Once they were in the desert, Richard brought Lee out of the RV and had his gun.

Defendant escorted Peggy out. He untied her to be next to her husband and “laid them down.” Richard told Peggy to wait 10 minutes before she got up to leave to give them time to get away. He turned to leave and heard a shot. Then he turned around and Richard had a flashlight and was looking at Peggy and shot her again. Defendant said he did not know what to do and just left. He did not try to stop what was going on because he did not have a gun and had just witnessed Richard kill someone in cold blood.

Defendant claimed he did not want to be there in the first place, things had escalated, it was supposed to be a burglary and kept snowballing. He wanted the night to be over.
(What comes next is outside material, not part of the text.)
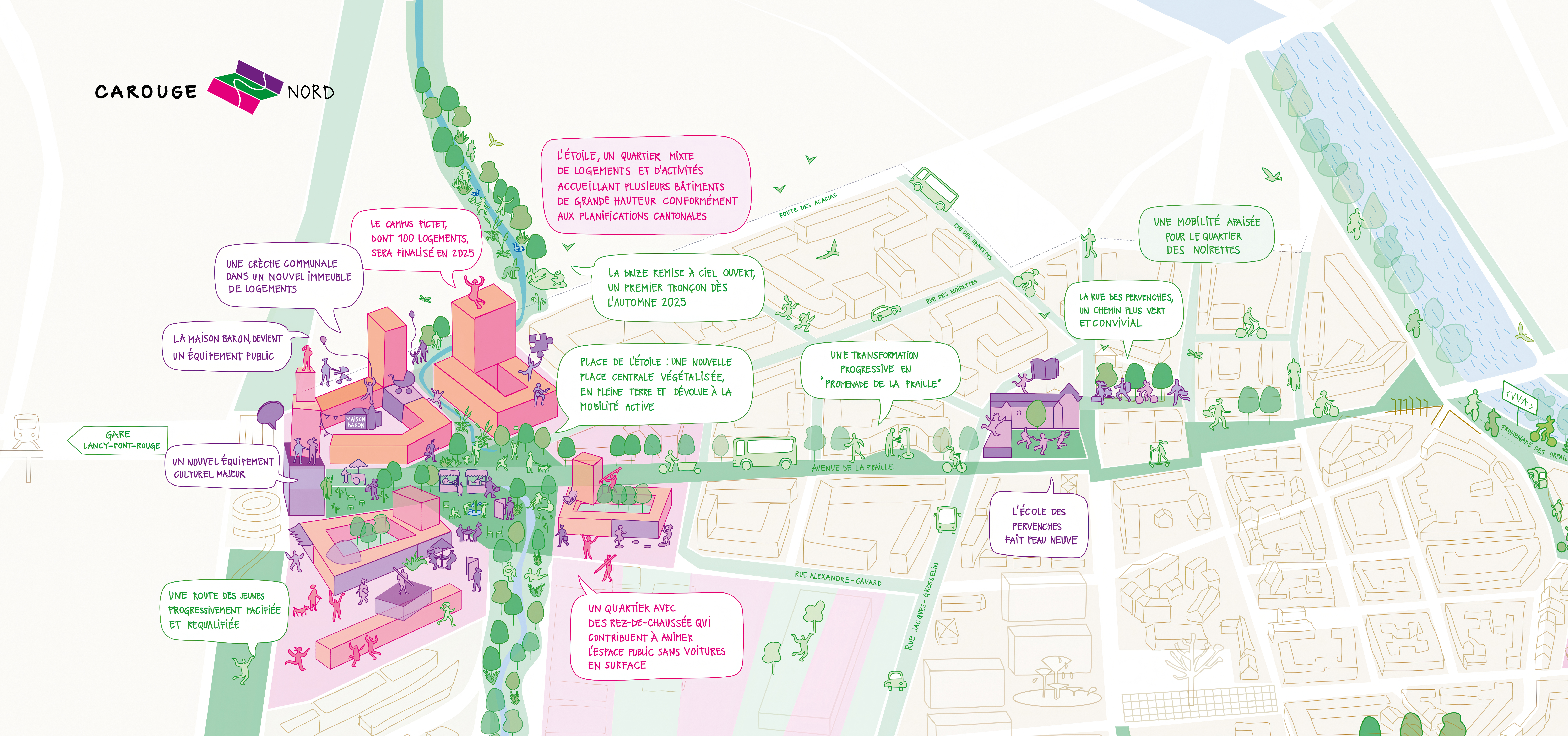 L’ambition communale vise une grande qualité paysagère des espaces publics, qui seront dévolus aux mobilités actives et aux transports publics. Afin d’accompagner l’arrivée de nouveaux habitantes et habitants, la Ville de Carouge anticipe la création de nouveaux équipements publics.

On cross-examination, defendant testified the plan was that they would all have guns, and he knew he would have contact with the Williamses, and that he would have to

force them to the floor at gunpoint. He denied tying anyone up, but admitted that in the joint interview that they said they tied them up together. He explained that “at the end of the day, I couldn’t.” He testified he did not know Richard would be violent. When he decided to commit the robbery, they were going to tie them up and leave them in the house, take their belongings and leave. He did not intend for them to be harmed or kidnapped, and has lived with the shame of his actions for 32 years.

Defendant testified that it was Richard who said, “‘they all say that’” after Peggy said she had not seen them and asked not to kill them. Richard removed Peggy’s wedding ring. Defendant denied removing Lee’s ring. Tommy said that if he could not get the ring off his finger, he was going to cut his finger off. Defendant admitted that it was his intention to place the two elderly victims in the middle of the desert at night in cold weather and leave them there. After Peggy soiled herself, Richard made the comment that he scared the shit out of her. Defendant did not recall Richard saying he could not tell whether Peggy was dead, and defendant saying, “‘then shoot her again.’”

Richard and Tammy dropped defendant off at the Pontiac. Defendant received about $400 from the robbery.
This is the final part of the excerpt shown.